В кухне грохнула посуда, донесся смех Влада. Александр не отстранился.
С того вечера прошло несколько дней, но его слова все еще звенели в моих ушах, как колокольный набат. Каждую ночь я просыпалась в поту, вцепляясь в простыни, будто пыталась удержаться на краю той самой бездны, о которой говорил Александр. Я видела его в своих снах и то что он делал со мной.
Той первой ночью он пришел ко мне в обличье дыма — плотного, обволакивающего, пропитанного терпким запахом.
Он касался кожи не руками, а шепотом, проникал под кожу не взглядом, а мыслью. Во сне я чувствовала его власть, всепоглощающую и неоспоримую, а ещё… Его поцелуи, его крепкие объятия…

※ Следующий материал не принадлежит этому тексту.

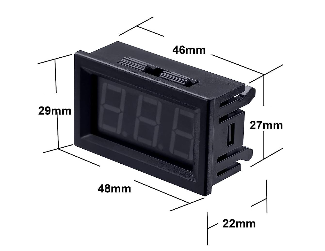 VOLTMETRAS - MODULIS 0.56" LED raudonas, DC 2.5-30V, su korpusu, 2 laidai
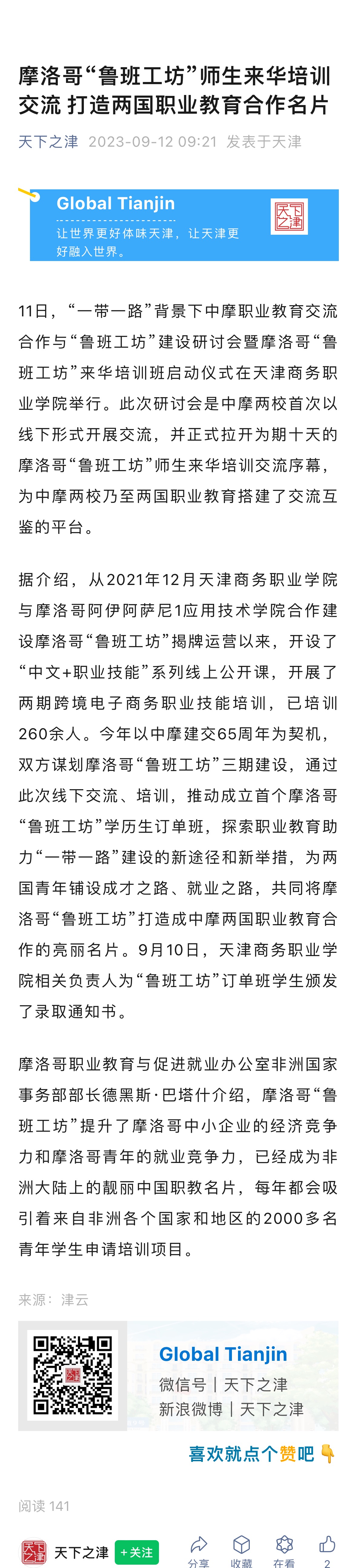 2023年9月12日,天津市人民政府外事辦公室(天津市人民政府港澳工作辦公室)認(rèn)證“天下之津”微信公眾號(hào),報(bào)道摩洛哥“魯班工坊”師生來(lái)我校培訓(xùn)交流,打造兩國(guó)職業(yè)教育合作名片。
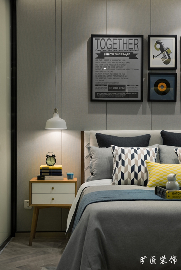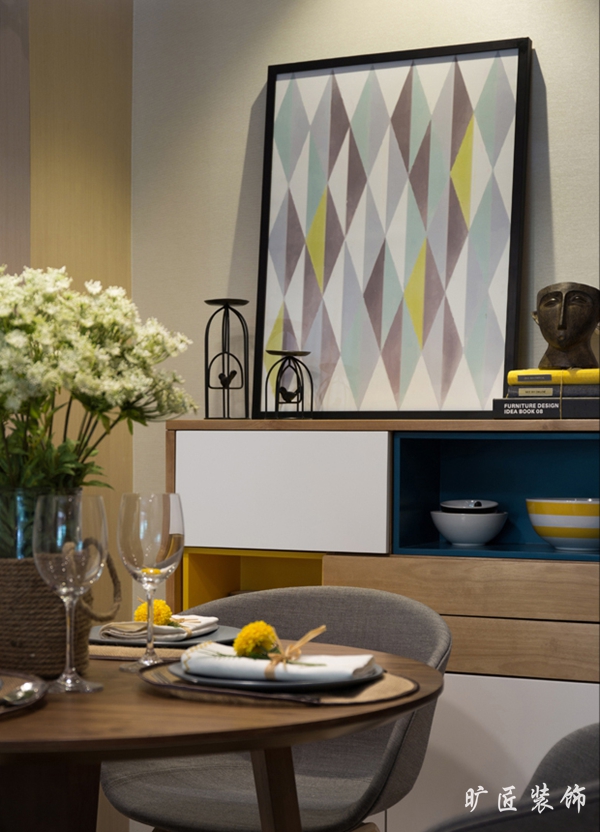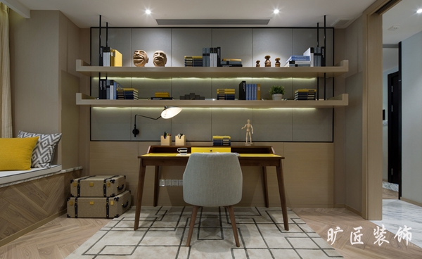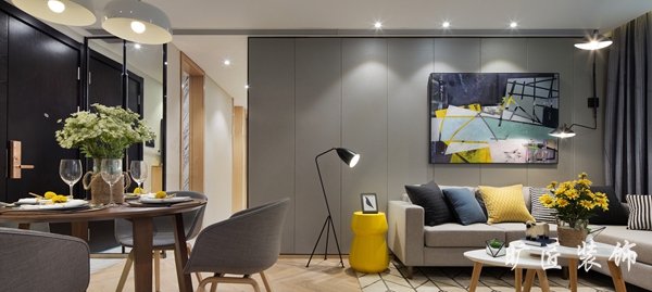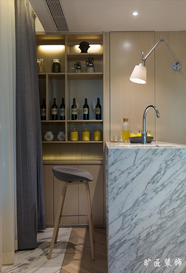 這無疑是充滿小資情調的一間現代居室了。進門處右邊有個小柜子,柜內可以放置碗碟柜面還可陳列一些擺件及畫作等藝術品,剛好和旁邊的餐桌形成一個可以互動的動線關系。餐廳的吧臺一方面可以作為一個景點,又可放置一些酒水,另一方面還和電視柜相對應,使得電視柜的陽角不會顯得特別突兀。客廳的小茶幾很有情調,高矮錯落又鑲嵌在一起,既美觀又實用。整個客廳充斥著各種各樣的線條,地面和抱枕上的規則線條、墻面掛畫中的不規則線條以及壁燈和和落地燈的線條組合,讓整個空間更有藝術感。半開敞式的書房顯得居室大而亮,利用墻體空間巧妙地設計出兩排可以充當書架的架子。書房里一定是要有飄窗才好的,下雨天坐在飄窗上,一邊品讀書中文字,一邊聆聽雨的聲音,實在是舒心。

Я запрещала себе думать о нём днем, топила воспоминания в рутине, в пустых разговорах с Владом, в попытках убедить себя, что все это — глупая игра воображения, разыгравшаяся на фоне предсвадебной суеты. Но стоило опуститься занавесу ночи, как он снова приходил.

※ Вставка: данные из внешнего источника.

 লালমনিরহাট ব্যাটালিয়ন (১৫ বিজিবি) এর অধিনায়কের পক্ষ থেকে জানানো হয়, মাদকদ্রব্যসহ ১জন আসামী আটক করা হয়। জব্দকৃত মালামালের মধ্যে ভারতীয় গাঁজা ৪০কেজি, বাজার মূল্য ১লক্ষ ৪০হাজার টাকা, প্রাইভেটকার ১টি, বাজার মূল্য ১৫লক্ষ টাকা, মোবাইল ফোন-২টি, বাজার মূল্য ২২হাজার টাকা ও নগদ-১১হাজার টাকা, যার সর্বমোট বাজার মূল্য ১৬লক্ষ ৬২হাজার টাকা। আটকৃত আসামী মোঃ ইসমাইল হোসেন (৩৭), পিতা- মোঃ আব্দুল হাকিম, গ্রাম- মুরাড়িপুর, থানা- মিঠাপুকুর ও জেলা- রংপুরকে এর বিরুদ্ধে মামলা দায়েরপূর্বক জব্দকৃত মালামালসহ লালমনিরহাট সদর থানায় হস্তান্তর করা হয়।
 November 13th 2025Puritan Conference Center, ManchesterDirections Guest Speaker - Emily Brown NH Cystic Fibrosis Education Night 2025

Влад ничего не замечал, утопая в предсвадебной суете. Он выбирал ресторан, обговаривал детали с декораторами, рассылал приглашения, излучая безмятежную радость. И чем счастливее он становился, тем острее я чувствовала свою вину.

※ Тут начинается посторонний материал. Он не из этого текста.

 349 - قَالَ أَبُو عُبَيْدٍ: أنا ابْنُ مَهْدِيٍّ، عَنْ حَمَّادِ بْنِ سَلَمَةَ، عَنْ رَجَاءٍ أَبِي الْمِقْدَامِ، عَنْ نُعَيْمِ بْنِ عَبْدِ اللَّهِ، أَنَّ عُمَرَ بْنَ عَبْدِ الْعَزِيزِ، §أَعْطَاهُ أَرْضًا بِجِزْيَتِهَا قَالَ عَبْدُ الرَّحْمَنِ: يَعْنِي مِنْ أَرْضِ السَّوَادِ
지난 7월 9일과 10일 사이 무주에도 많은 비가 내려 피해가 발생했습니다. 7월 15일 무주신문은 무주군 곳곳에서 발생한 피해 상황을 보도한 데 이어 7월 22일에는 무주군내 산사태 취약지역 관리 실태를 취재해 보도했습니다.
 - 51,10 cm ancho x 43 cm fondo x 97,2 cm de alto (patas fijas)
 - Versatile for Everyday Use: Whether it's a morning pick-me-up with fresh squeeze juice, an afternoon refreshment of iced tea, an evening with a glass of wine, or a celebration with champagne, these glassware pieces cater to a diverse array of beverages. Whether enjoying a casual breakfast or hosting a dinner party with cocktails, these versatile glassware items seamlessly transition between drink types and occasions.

Александр Сергеевич звонил Владу, приглашал нас на ужины, отправлял книги — старинные томики с пометками на полях. «Для вдохновения», — писал он, но я знала, что это ловушка. Каждая строчка, подчеркнутая его рукой, будто прожигала страницы, оставляя следы, которые вели только к нему.
Сегодня он приехал неожиданно. Я открыла дверь, и его взгляд сразу же скользнул по моему простому платью, задержался на распущенных волосах.
— Влад на встрече, — сказала я, стараясь звучать уверенно, но голос предательски дрогнул.
— Я знаю, — ответил он, переступая порог без приглашения. Его пальцы коснулись моей руки, когда он проходил мимо, и я отпрянула, будто обожженная.
— Зачем вы пришли?
Он повернулся, медленно, как всегда, и в его глазах вспыхнул тот самый хищный огонек.
— Разве это не очевидно? — прошептал он, приближаясь. Я отступала, пока не уперлась спиной в стену. Он был слишком близко, и я чувствовала себя мышкой, загнанной в угол.
— Ты стала моим проклятием, Алёна, — его голос звучал мягко, почти ласково, но в этой ласковости скрывалась сталь. — А то что стало моим, я не отпускаю.
Его дыхание смешалось с моим, горячее и тяжелое, как предгрозовой воздух. Я пыталась отвернуться, но его пальцы впились в мою челюсть, мягко, но неумолимо вернув мое лицо к себе. В глазах Александра плясали искры, превращая голубизну в сталь.
— Продолжишь сопротивляться? — прошептал он, и губы его скользнули по моей щеке, едва касаясь кожи. — Но я та вижу, как ты реагируешь на меня.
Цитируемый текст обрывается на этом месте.